さて日本宗教界においてはは、神道と仏教が多数派を占めています。

現在の日本においては、「信教の自由は、何人に対してもこれを保障する」(日本国憲法第20条)と定められ、国教は定められていません。

また、特定の宗教を信仰していないとして自身を無宗教と認識する者が殆どです。

所で貴方は本心からその宗教を信じて暮らし生きているのですか、と問うたならば殆どの人が真からは信じてはいません。しかも迷信に振り回されて暮らしているのです。

大安吉日、仏滅などの六曜を気にして日々を過ごしているような人がいます。

又、厄年と称して加持祈祷などを施してみたり、おみくじを引いたり、お札を神としてあがめたり正に人の世は世間虚仮の繰り返しを人類は行って過ごしているのです。

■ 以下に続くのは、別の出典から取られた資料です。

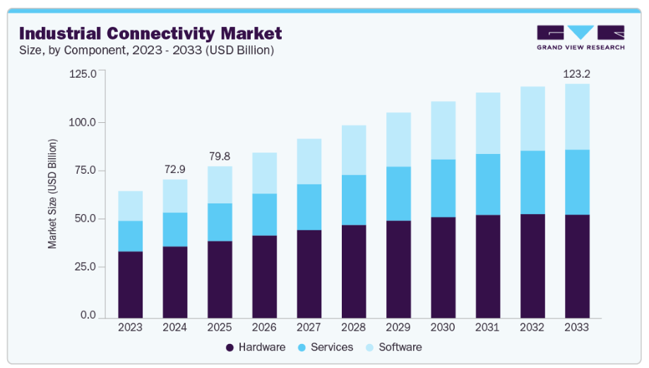 加えて、スマートファクトリーやインダストリー4.0の取り組みの台頭が、相互接続システムに対する堅調な需要を生み出しています。産業用コネクティビティは、クラウドコンピューティング、エッジアナリティクス、AI駆動型インサイトを活用することで、予知保全、エネルギー管理、サプライチェーン最適化を実現します。これらのソリューションは生産性を向上させ、拡張可能な運用とデータ駆動型の意思決定を支援し、企業に市場での競争優位性をもたらします。
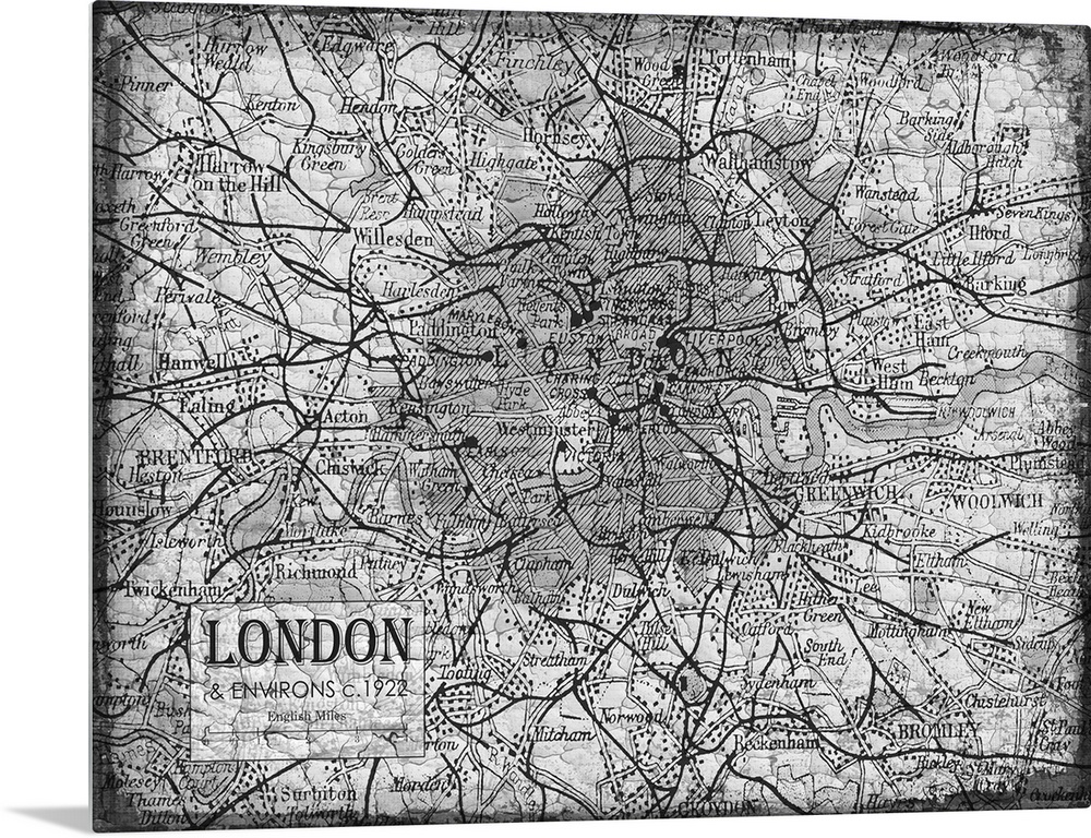 <p>Rustic contemporary art map of London districts, in black and white.</p>
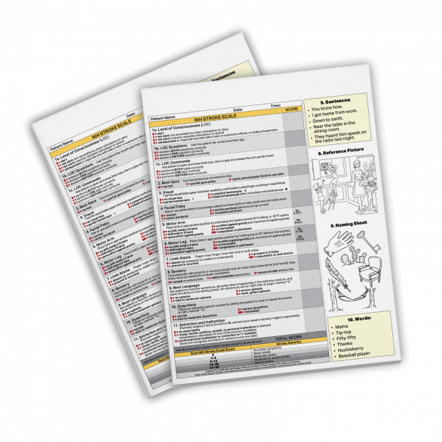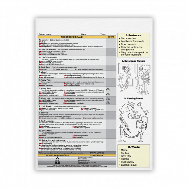 25 individual tear-off sheets of the NIH Stroke Scale that can be stored in crash carts to help assess patients. Each notepad has the complete Stroke Scale with areas to score and tally. Fold the letter size sheet of paper on the dotted line to have a patient only viewable area for text and images section during testing. This single sided scoring sheet can be easily scanned or attach to the patient's medical record.
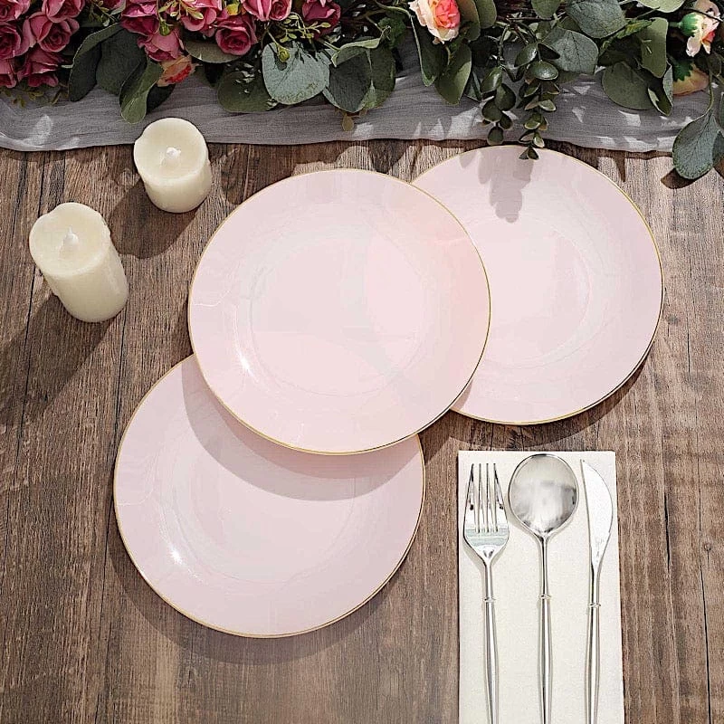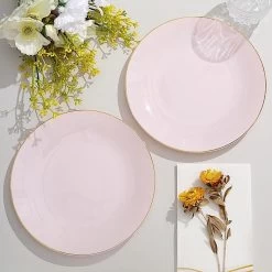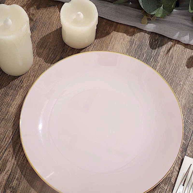 Entertainment just got easier. Serve your guests using these practical yet stylish plates and let your great food speak for itself! High quality plastic plates with a gold rim and elegant glossy finish will make any dinner or lunch look extraordinary. Perfect choice for fine dining occasions where fast cleanup is a must! Use these round plastic plates for weddings, bridal showers, baby showers, birthday parties or any special events.
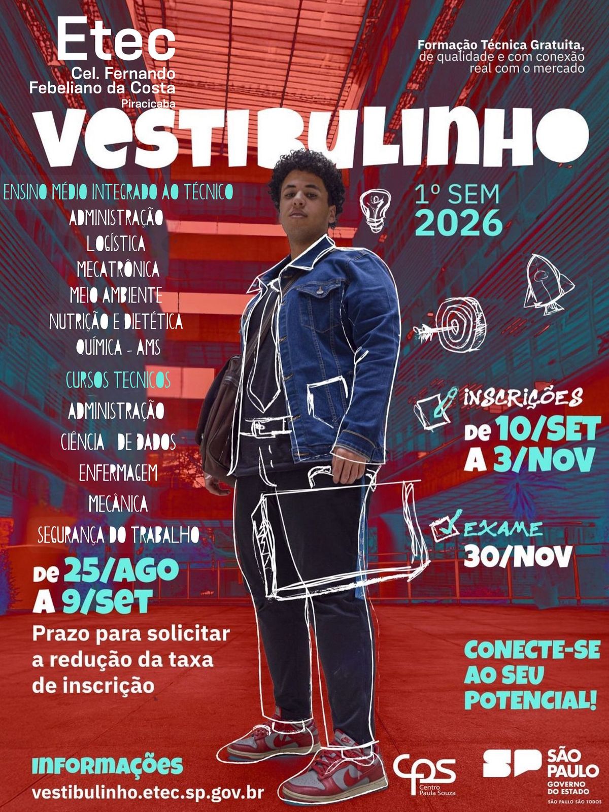 As inscrições para o Vestibulinho das Escolas Técnicas Estaduais (Etecs) acontecem duas vezes por ano.
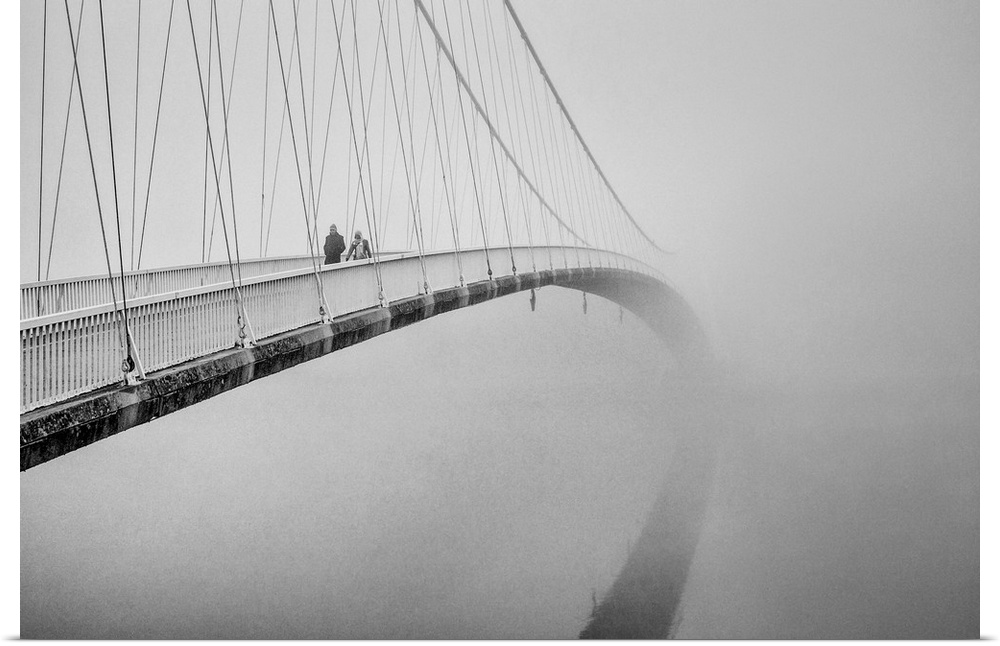 <p>Two people crossing a pedestrian suspension bridge in the winter.</p>
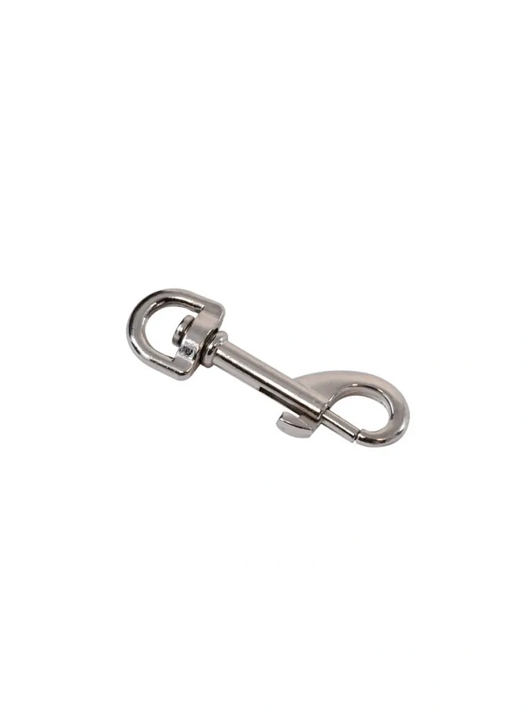 Карабин бытовой никелированный, оснащенный поворотной головкой и защелкой с пружинным механизмом, применяют в бытовых целях для соединения цепей, ремней, шнуров. Пружинный механизм карабина исключает самопроизвольное открывание, обеспечивая тем самым надежность сцепки. Поворотная головка не позволяет скручиваться соединенным частям. Карабин изготовлен из никелированной стали, гарантирующей долголетие.

しかしいずれにしても人類は真実の教えを求めて生きているのです。

さてさて人類にとって大問題である真実の教えとはどのような教えなのでしょうか。生きものにおいて、幸せとは何かを問うている生きものは人類だけです。

さてその人類が目指すべき幸せとは人類自らの自覚がなければ何の意味もない人生になってしまいます。

やはり人間は生きる意味があってこそ生きているのです。

人生は苦の娑婆と申します。

何故、苦の娑婆になってしまうのでしょうか。

その答えの教えを求めるのが

宗とする教え、いわゆる宗教なのです。

宗教統一を達成する事は人生の目的でもあります。

幸せとは何かを見極める為なのです。

 

キリスト教は何故、日本に広まらなかったのでしょうか。

精神的に成長していた日本民族には受け入れられなかったのです。

いわば未成熟な教えだったからなのです。

人間は神が創造した、という所から日本民族には受け入れられないのです。

仏教の教えとは「おまえは何者か」という問いかけの中に人生の全てが網羅されているのです。

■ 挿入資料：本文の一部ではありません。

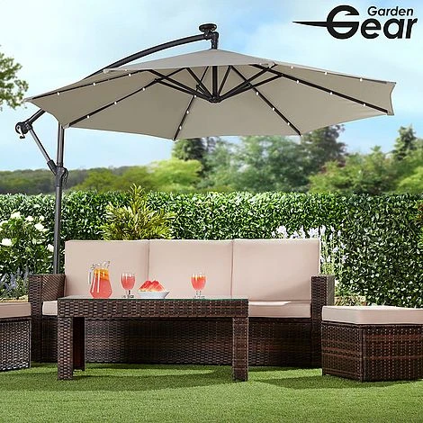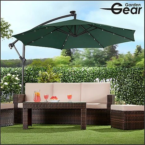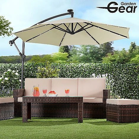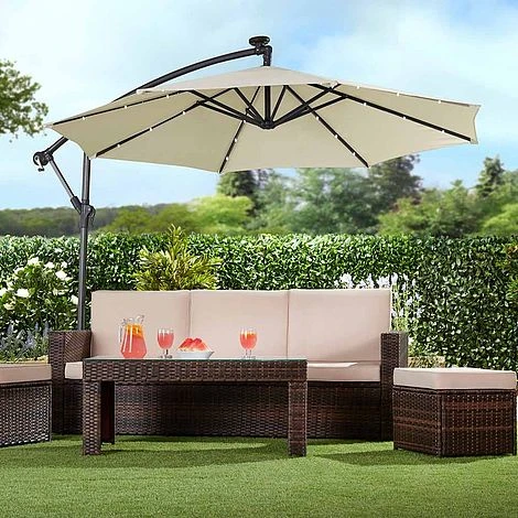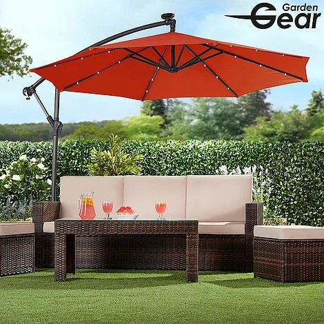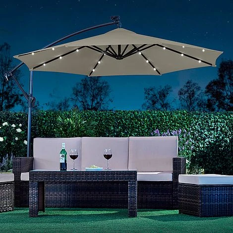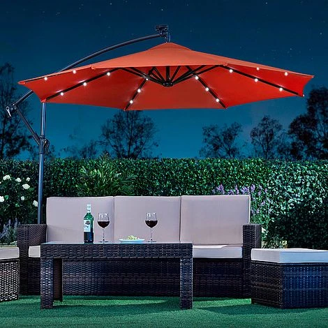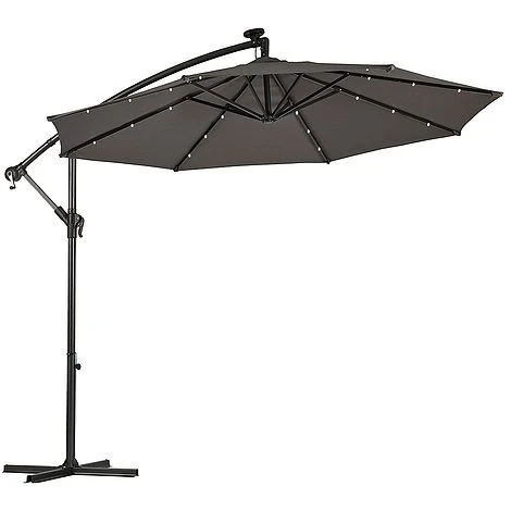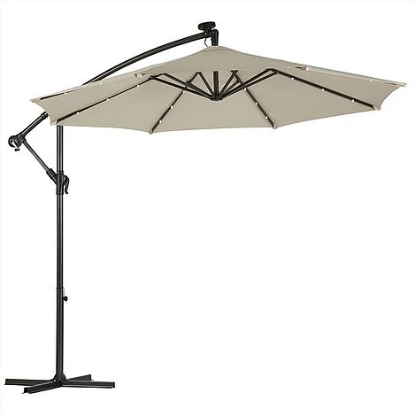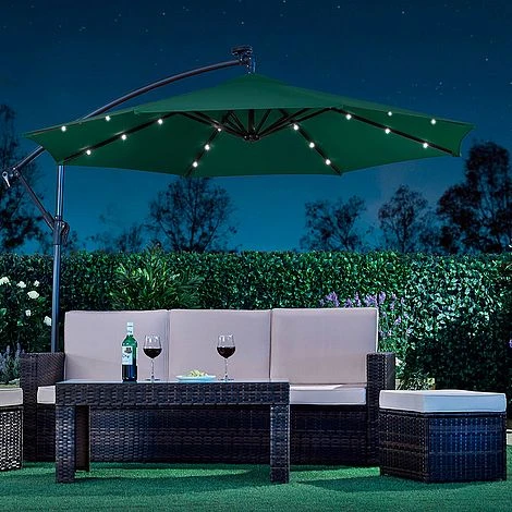 Light up your nights with this Solar LED Cantilever Parasol. Suitable for most patios or gardens, this cantilever parasol with 24 LED lights will allow you to sit outside long after the sun goes down. The canopy is structured around a solid powder coated frame made from steel ribs and an aluminium central pole with each rib containing three LED lights. Simply ensure the parasol is situated in a sunny place during the day and the solar panel will store the energy in the installed rechargeable batteries to light up your garden at night.
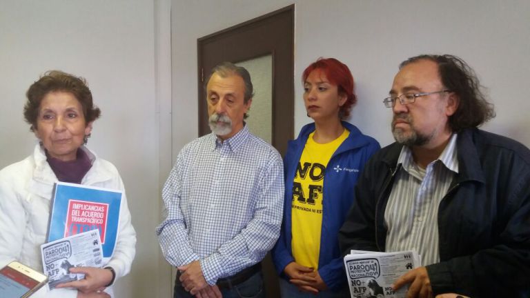 Luis Mesina, dirigente de la Coordinadora No+AFP, afirmó que “estamos haciendo este llamado conjuntamente porque la lucha de “No más AFP” está íntimamente ligada a la lucha contra el TPP, puesto que ese tratado, de aprobarse, hipotecará nuestra soberanía en diversos ámbitos, pero especialmente en el propósito de los chilenos de terminar con este sistema que los ha condenado a pensiones miserables”.
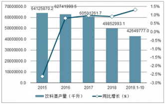 2015-2019年1-10月中國飲料酒產(chǎn)量及增速趨勢(shì)圖
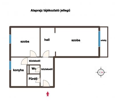 A ház panelprogramban részt vett. A lakás helyiségei: 2 szoba + hall, konyha, fürdő, wc, közlekedő.
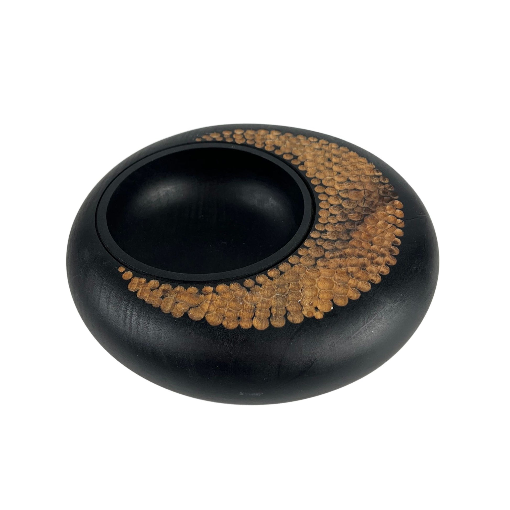 A handcrafted decorative dish made from alder wood and designed with a striking tooska (boxwood) inlay that radiates from the center like stylized feathers or sun rays. Both functional and artistic, it adds a bold natural accent to any home.
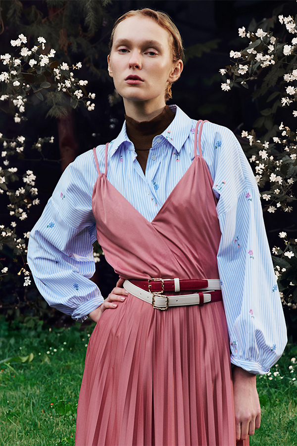 The new season is defined through a bold colour language. It’s not about decoration, but a visual architecture where macro botanical prints dialogue with primary hues. Crimson red is set against silk, while sculptural floral patterns redefine the volumes of trench coats and trousers. An intentional aesthetic, where pigment shapes the identity of the silhouette.

さて人類にとってどの教えが真実の教えであるかを見極めなければ生きている意味のない人生になってしまいます。

パクパクと息をしているだけの金魚では自らが可哀想ではないでしょうか。

日本の代表的な禅僧に一休禅師がおられます。

一休はもともと禅僧でしたが、1461年(寛正二年)、一休68歳の時、師匠の肖像画を本山へ返却し、浄土真宗に改宗しています。

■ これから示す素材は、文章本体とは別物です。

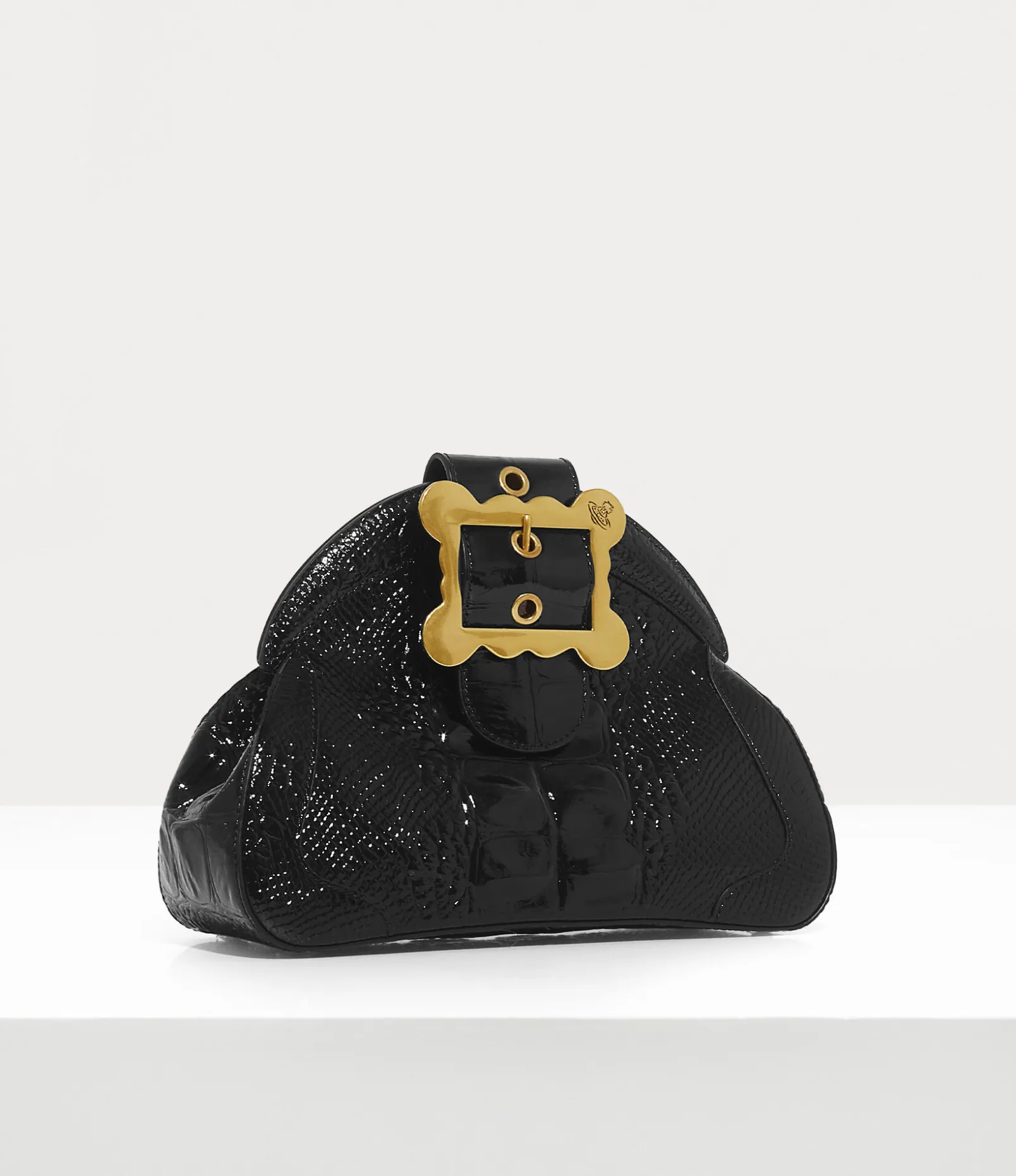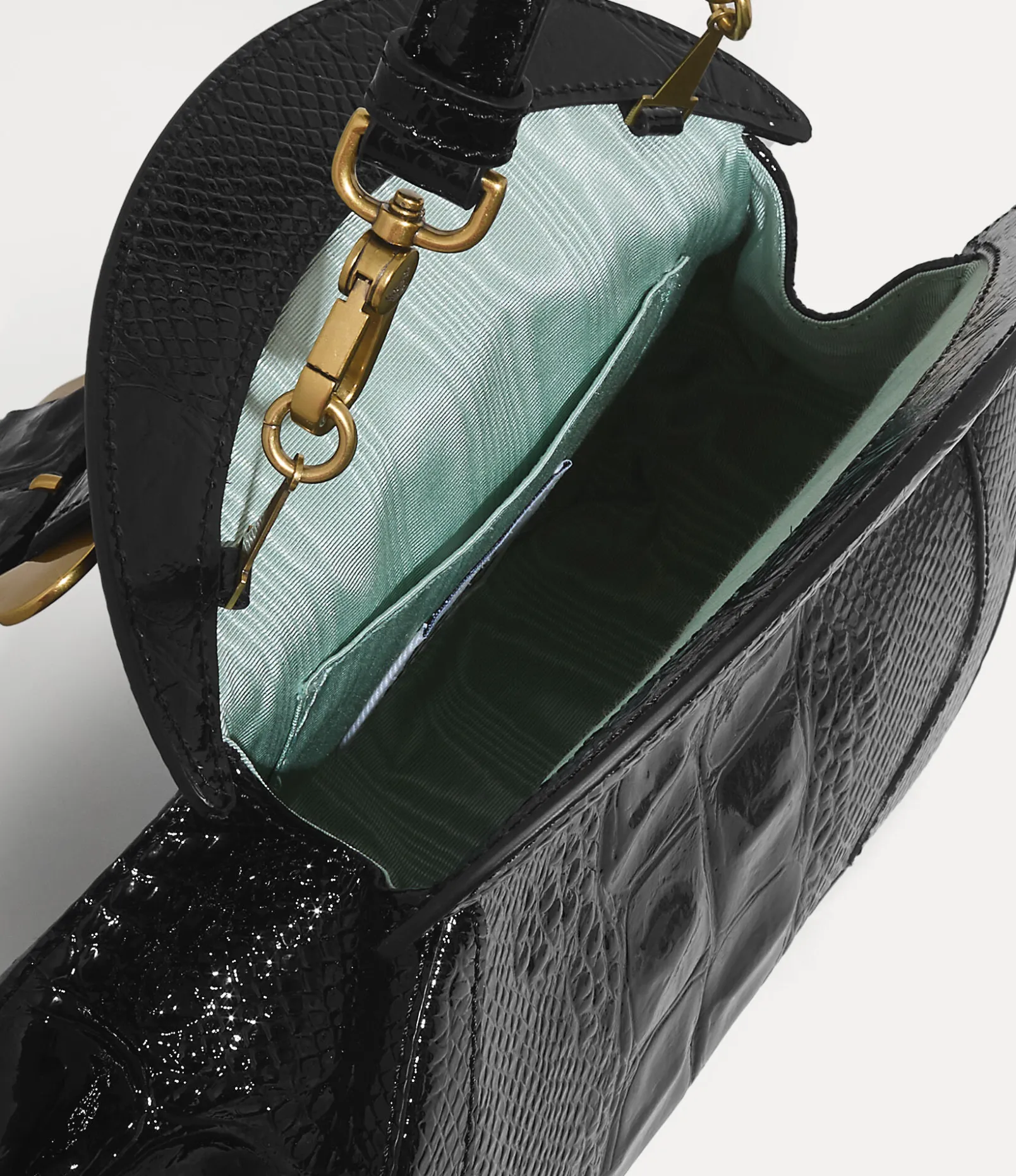 The house’s archival ‘frame buckle’ detail adorns the front of the Amy Shoulder bag, which draws inspiration from the gilt frames that encase Renaissance artworks. Complete with a croc-embossed finish, the design offers the illusion of being wrapped with a belt, reminiscent of the house’s signature DIY punk aesthetic.

寛正二年六月十六日、大燈国師の頂相(肖像画)を本寺へ かへして念仏宗となる。(一休「自戒集」)

そして「禅宗をやめて、浄土真宗になりました。

今まで長年、禅宗であったのは間違いでした」という意味の漢詩まで作っています。

離却禅門最上乗 (禅門の最上乗を離却し)

更衣浄土一宗僧 (衣をあらたむ、浄土の一宗僧)

妄成如意霊山衆 (みだりに如意・霊山の衆となる。)

嘆息多年晦大燈 (嘆息す、多年、大燈をくらませしことを。)

そして20才年下の蓮如上人がつとめられる浄土真宗、親鸞聖人200回忌・報恩講に参詣し、蓮如上人にお願いして親鸞聖人の画像をもらい受けました。

それに次のような讃をしています。

 

「襟まきの あたたかそうな黒坊主 こやつの法は天下一品」(一休)

一休は却って禅浄の区別を超えた釈尊本来の仏教に還った、ということではなかったかと考えます。

そういう禅浄平等の立場を詠った一休の歌があります。

 

世をのがれ修行の道は別でなし智者愚者ともに座禅念仏

 

*加藤周一は「浄土宗への彼(一休)の関心は、自力の限界に他力の意味を感じとったからでなければならない」とし、「改宗」の意味するところは、「禅宗の枠を超えて仏教の本質に近いはずであり、おそらく仏教の枠さえも超えて、一般に宗教的なるものの核心に近いはずである」と述べています。

こうした考え方は私の考え方に比較的近いと思います。